Poor calves, i'm sure they are not happy about being dragged away from their mothers. 

I am glad the super dairy has not been approved.


----------



## martlin (17 February 2011)

I hope you don't think the calves are taken away from their mothers only in a ''super dairy''?


----------



## Sarah Sum1 (17 February 2011)

martlin said:



			I hope you don't think the calves are taken away from their mothers only in a ''super dairy''?
		
Click to expand...

Good grief no. I know they are taken away from dairy cows in general.

Their milk is for us humans, not their calves.


----------



## martlin (17 February 2011)

Sarah sum1 said:



			Good grief no. I know they are taken away from dairy cows in general.

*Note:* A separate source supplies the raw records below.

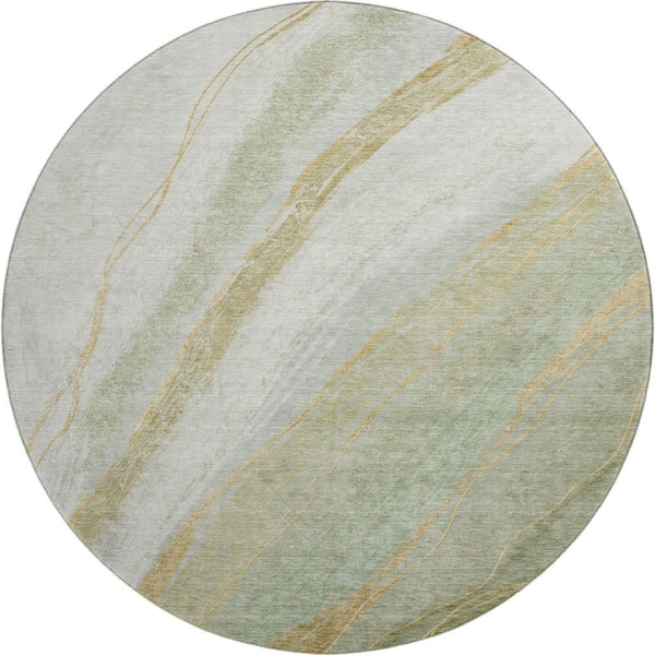 Mayfield Premium Machine Washable Abstract AMF2036 Sage 8 ft. x 8 ft. Round Rug
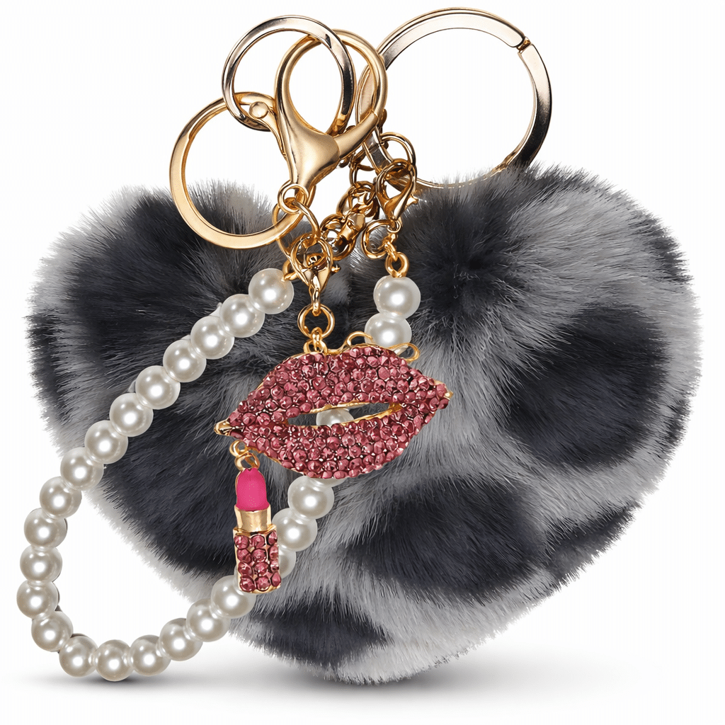 The **iAccessories Pearl Diamond Lips Fluffy Faux Fur Pom Pom Heart Key Ring – Grey Lepo** is a blend of elegance, sparkle, and cuteness.
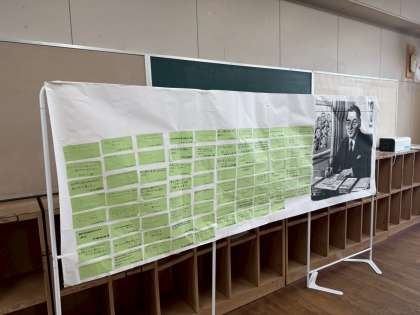 各班で発表したパワーポイント、そしてその読み原稿の展示と、

Their milk is for us humans, not their calves.
		
Click to expand...

 Glad we cleared that up, it's just your post read a bit like that, you see. That you are glad super dairy was scrapped because poor calves are not happy


----------



## amage (17 February 2011)

tristar said:



			well where i live they do, infact some of them graze outdoors most of the year, depending on the weather and ground conditions including holsteins, and the calves do stay out with their mothers, also the blond aquitaine herd are out at the moment, like i said i can see them all day so there is no disputing it.
		
Click to expand...

It is quite likely that they are cull cows that are being used to rear calves! We would do this from time to time with an older cow who is due to be culled. Let her rear two calves so that you are not taking good milk out of the tank and you do not have the extra expense of dump milk or antibiotic milk going through the parlour. Or given that prices for bull calves are going fairly well at the mo (at least over here they are) the cull cows are giving the bull calves a good start and so they are sold quicker! Cows can't produce ilk on grass alone...it may look nice to see them wandering around the field grazing etc but I guarantee you that if she is offered the choice between shed and feed or pasture and grass she'll look for the shed particularly at this time of year!


----------



## tristar (18 February 2011)

at certain times most bull calves are taken at birth and shot, i have heard newly calved cows calling all night after being separated at birth from their calves, so i think they do suffer great distress and have maternal instincts, in the same way they have an instinct to move around and graze.
the super dairy project is trying to push nature beyond its limits, vaste areas of land are used to produce maize and other supplement cereal feeds, millions of tons of hay and straw, all to produce dairy foods, and millions of gallons of diesel, and for one am not at all certain that dairy is that healthfull for humans, the proteins are not compatible with our digestion, it can be a major source of allergies, unlike goats milk,  there are many other sources of calcium etc. I for one could live without milk if only to diminish the total exploitation and to see an end to what animals go through to give us something on a scale that we do not really need


----------



## NOISYGIRL (18 February 2011)

Good, I saw a prog on one eve about the ones in America I think it was, it was so sad the poor cows never saw grass or the outdoors


----------



## Maesfen (18 February 2011)

We have two farms at least around here, both family farms that know every hair on every cow's head and who was the grandmother of each of them if you see what I mean.  They both make a nice living, not extravagant but comfortable with about 150 milking at one time.  Without exception their calves, both bull and heifer, are on the cow for nearly a week as they say it gives the best start to their calves and keeps the cows happier which in turn means their production stays up as they're not stressed.  What they lose in production for that time is more than compensated for in less milk powder, veterinary and man hours costs alone which mean a lot when you're only a one with part time help band.  I don't know if it would work as well at the larger farms who are scraping for every penny profit though.


----------



## tristar (18 February 2011)

this is what i see, and a lovely sight it is, new born calves out with the cow, good luck to the  farmers.


----------



## Tiny Fluffy Coblet (18 February 2011)

If the general public were willing to pay the prices, farming wouldn't even be thinking this way.
		
Click to expand...

I agree - to an extent.

I would love to be able to afford sustainable, british, excellent welfare based food. However I am currently nearly vegi anyway (purely economical) I do only buy free range eggs but I am living off 50 pounds a month for food. If I spent any more than this I would not be able to keep my car on the road, go out and have 2 drinks once a month or go and see my friends once a month. 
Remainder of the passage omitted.